Virtual-Private-Service-Provider agieren dagegen kundenorientiert. Eine Gestaltung des Service-Levels und der Haftungs- und Schadensersatzregelungen im Einvernehmen mit den Bedürfnissen eines Kunden ist über Rahmen- oder Einzelvertrag in der Regel möglich. Im wirtschaftlichen Vergleich haben Public Services zwar einen besseren „technischen“ Preis, die Defizite in der Lieferantenbeziehung durch fehlende Compliance oder ungenügende Reaktion auf Kundenanforderungen werden dadurch nur in seltenen Fällen kompensiert.
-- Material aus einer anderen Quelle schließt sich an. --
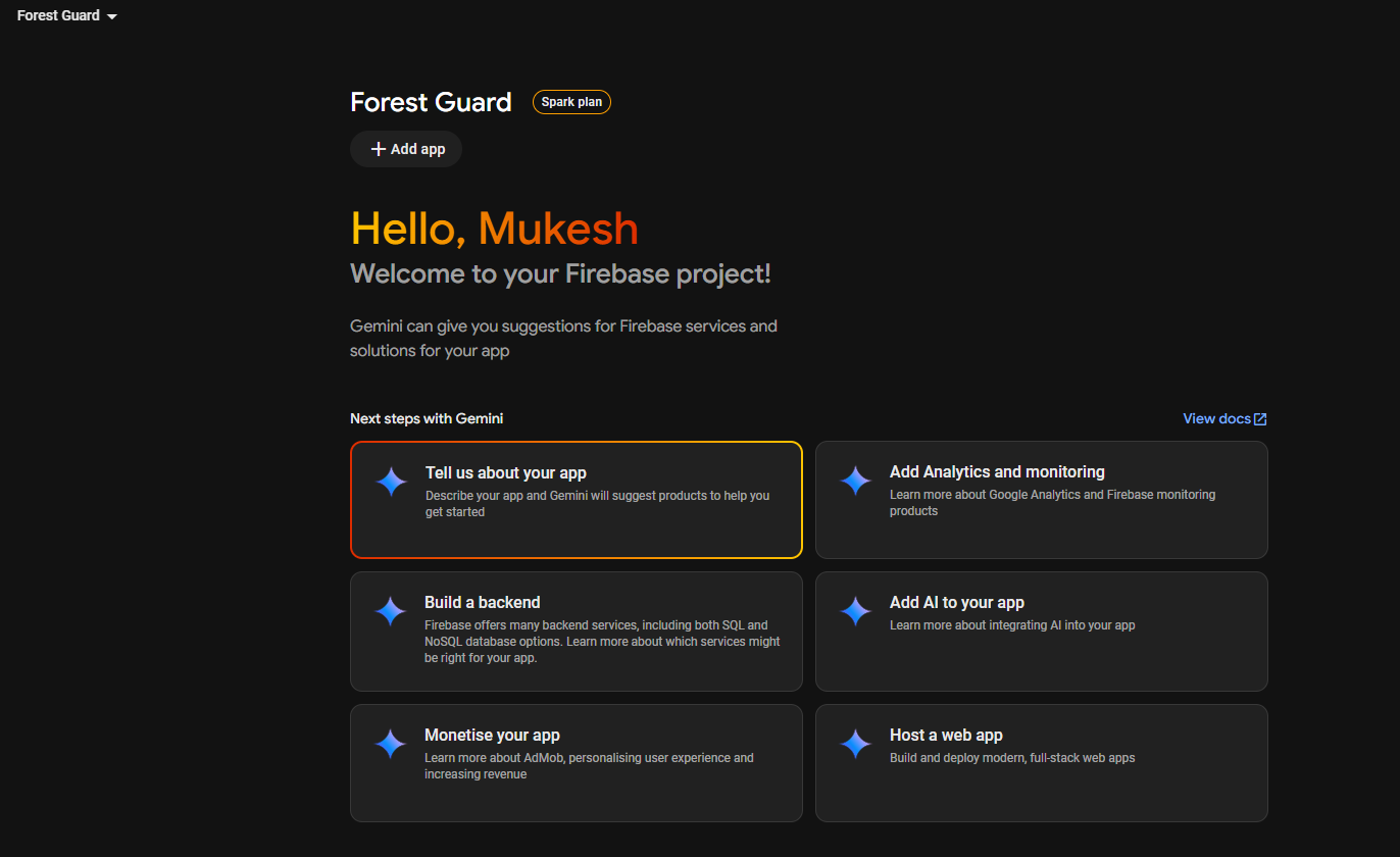 To visualize the data coming from the Forest Guard Nodes, I built a custom web dashboard using Lovable.dev. This dashboard connects directly to Firebase and provides both a quick overview and detailed insights into the forest monitoring network. Forest Guard Dashboard Setup- When the dashboard is first opened, it takes you to a Firebase configuration page.

Die Analyse des Kleingedruckten in AGB, Angeboten oder Verträgen von Cloud-Service-Providern offenbart zahlreiche Fallstricke. Vertragsmuster werden typischerweise vom Provider vorgegeben. Eine Vertretung der Kundeninteressen auf Augenhöhe bei Vertragsverhandlungen erfordert neben juristischem Sachverstand auch Erfahrung in den notwendigen inhaltlichen Vereinbarungen. Eine vom Provider bewusst weggelassene Klausel kann für ein Unternehmen dramatische Konsequenzen haben, man denke nur an die gesetzlichen Auflagen. Beratungsunternehmen, die über Erfahrung mit Cloud-Providern und Kompetenz in der IT-Organisation verfügen, können wertvolle Unterstützung leisten.